Closed JWJ13164328557 closed 2 months ago
The OFS is correct since GFAs are tab not comma separated, it's likely related to having no nodes over 100kb, see #127. What is your input data (type, coverage, genomes size)? What's the end of the buildGraph.err log in 1-buildGraph?
I used duplex, ONT, and porec data
Thank you very much!!!!!!!!
Why does the 129GB duplex data still report this error after I added compression
This looks like there is no graph here at all, no edges and no sequence. What is the exact command you're running with and what coverage do you expect the duplex data to be for the genome?
verkko -d /data/liux/ONT_data/tmp/GL/Genomic/verkko --hifi /data/liux/ONT_data/tmp/duplex/duplex_merge.fastq.gz --nano /data/liux/ONT_data/tmp/2024.7.4.fastq.gz --porec /data/liux/ONT_data/data/10-Pore-C/20240408-Pore-C-001_001-1.fastq.gz --threads 50 ,my genomic is 700M
So it should be 100+x? It seems this duplex data is not high quality. Have you tried counting k-mers and running genome scope on the duplex data to confirm genome size/quality? Are you able to share it with us?
The genome size is known,Can I use only ONT and porec data?

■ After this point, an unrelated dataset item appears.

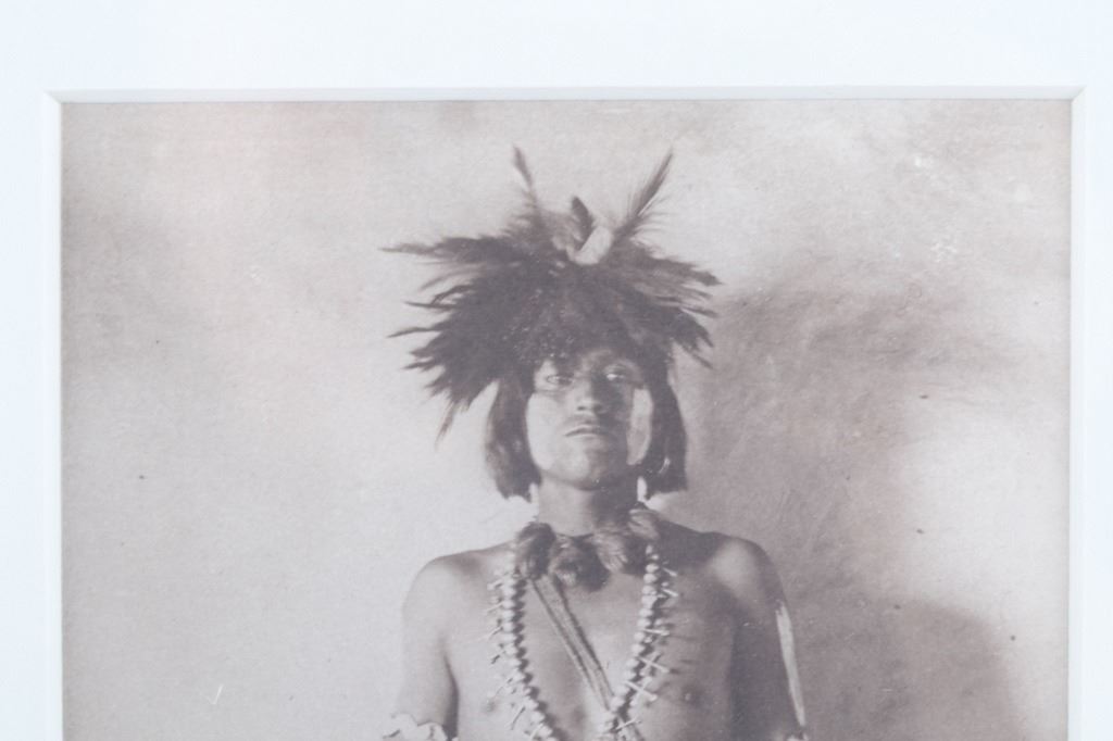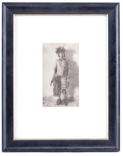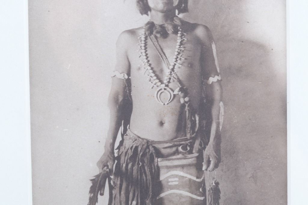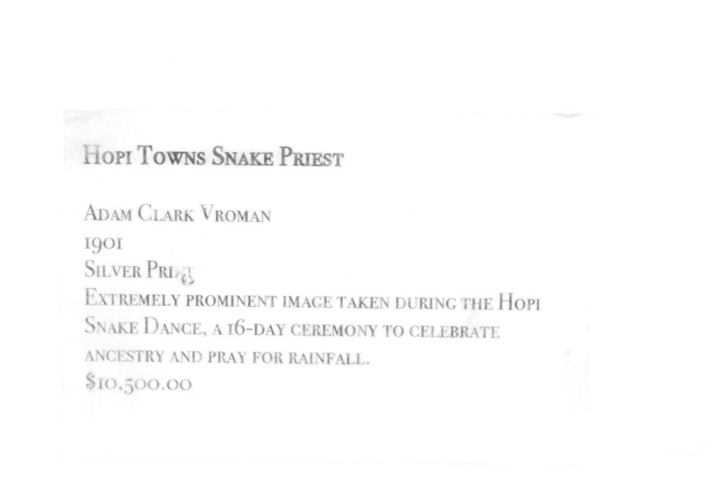 Featured in this lot is this gelatin silver called "Hopi Town Snake Priest," from Adam Clark Vroman (born in 1856 and passed in 1916) circa 1901. The photograph shows a Hopi Native American Snake Priest in ceremonial garments with a squash blossom around his neck and carrying a dancing wand. This is an extremely prominent photograph taken during the Hopi Snake Dance, which is a 16-day ceremony to celebrate ancestry and pray for rainfall. The condition of this gelatin silver is good, with no obvious signs of damage. The measurements of this framed silver gelatin are 18 1/4" x 14 1/2" and the visible art measures 7 7/8" x 4 1/2". Provenance: From the renowned Sundog Fine Art Bozeman, Montana collection and collected by Bruce VanLandingham. Bruce VanLandingham was a pillar in the American Indian collecting community and a respected expert. Along with being an avid collector, Bruce also was the sole owner of Sundog Fine Art Gallery in Bozeman, which was both part museum and gallery. Truly an outstanding example.

I have not attempted to calculate k-mers and run genome ranges on dual data to confirm genome size/mass
If you have recent ONT (R10) data, you can potentially run dorado correct (aka HERRO) and use the corrected reads as HiFi + the uncorrected reads as ONT inputs to verkko (see the README for details). Still would recommend sharing the duplex data if you're able with us and/or checking the genome scope output on the k-mers from duplex data to see what is going on with it.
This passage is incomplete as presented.